The ministry is working at a feverish pace to fix the existing bridges. Fifteen routes were identified to study the impact of extra load. “In some cases, a single trip by a train with wheel flats damaged tens of kilometres of railway track,” says an expert. Wheel flats is a condition where rail wheels lose their roundedness as a result of over-stressed interaction between the rail and the wheel on account of heavier load.
When asked how much weight the network can handle, RDSO engineers say that 25 tonnes would be the maximum, considering the current infrastructure. “On the regular lines of the Railways, at 25 tonnes axle load, yes, I think we may have hit the maximum for a while, until the bridges and tracks are strengthened to carry more,” says another expert. In spite of the limit, cracks have occurred primarily due to the problem of wheel flats.
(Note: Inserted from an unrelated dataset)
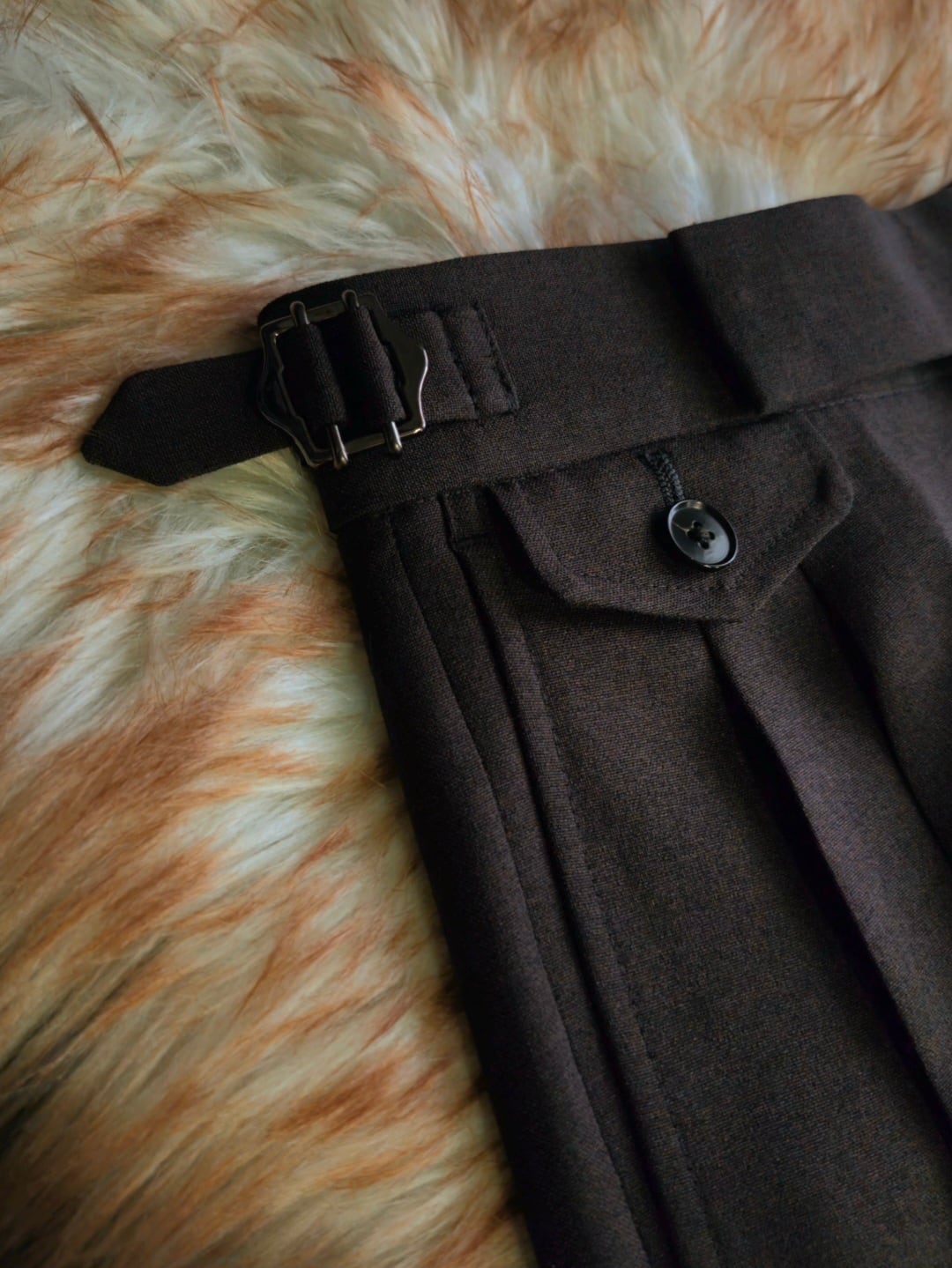※パンツの裾はシングル仕上げで折り返しを7cm残してあるため、その範囲で股下出しも可能です
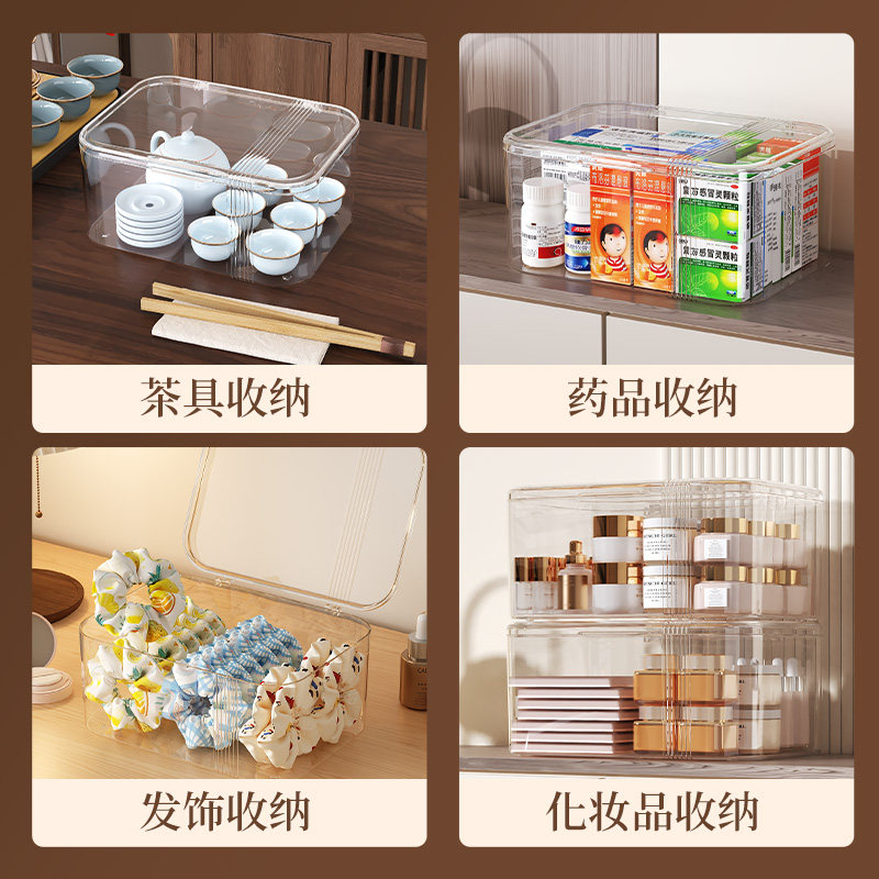 亚克力桌面收纳盒透明防尘整理盒化妆品卧室宿舍办公室带盖杂物盒

At least in the case of tracks, the damage is clearly visible. In the case of bridges, damage can be assessed only after the sub-structure and the pillars are examined. In May 2009, a pilot project on the monitoring of bridges threw up some interesting facts. Twenty-three bridges were chosen for studying the effects on the superstructure. The stress on one bridge was 40 percent above the permissible limit. In three other cases, the stress was high at over 75 percent within the permissible value. When probed, authorities refused to divulge more details regarding these bridges. V. Ramachandran, the head of the RDSO, confirmed, “The railway board has asked us to look into this and monitor the bridges on a continuous basis.”Cracks in the Network
But despite the new measures, the engineering wing’s conflict with the railway ministry continues. The ministry has plans to increase the speed of freight trains from 60-70 kmph to around 100 kmph. RDSO officers, who work with the Bridges and Structures Directorate, say that in several zones, speed restrictions had been imposed on freight trains with 25-tonne axle load.
“The maximum speed limit has been set at around 55 kmph for 25-tonne axle load, keeping in mind the [condition of] bridges, tracks and other structures,” says an officer. Experts say the ministry’s plans to increase the speed of freight trains would be another miscalculated move.
For the Railways, there are few other options to help it increase its revenue. For example, it can reduce the wagon turnaround time so that more freight trips can be made using the same number of locomotives and coaches. However, such options have their limitations. Speed constraints and the high density of traffic on the IR’s network will not enable this option to work.
Nevertheless, the ministry recognising the problem of the bridges is a giant step forward. It is also simultaneously updating the map inventory of its bridges. A proposal to set up underwater inspection teams to examine the bridges is also being considered on a priority basis. However, a former railway board member, R.R. Jaruhar, says that it is equally imperative to keep opening additional bridges at sections where the bridges have been in use for extended periods.
The Railways has also consulted a few private companies that have specialised solutions for retrofitting work. “The problem turns into a catastrophe when people do not admit there is a problem. But in this case, the Railways has admitted there is a problem and is steadily working towards tackling it,” says an engineer assessing the life of bridges. One can only hope that it tackles the problem quickly and effectively without risking any more lives.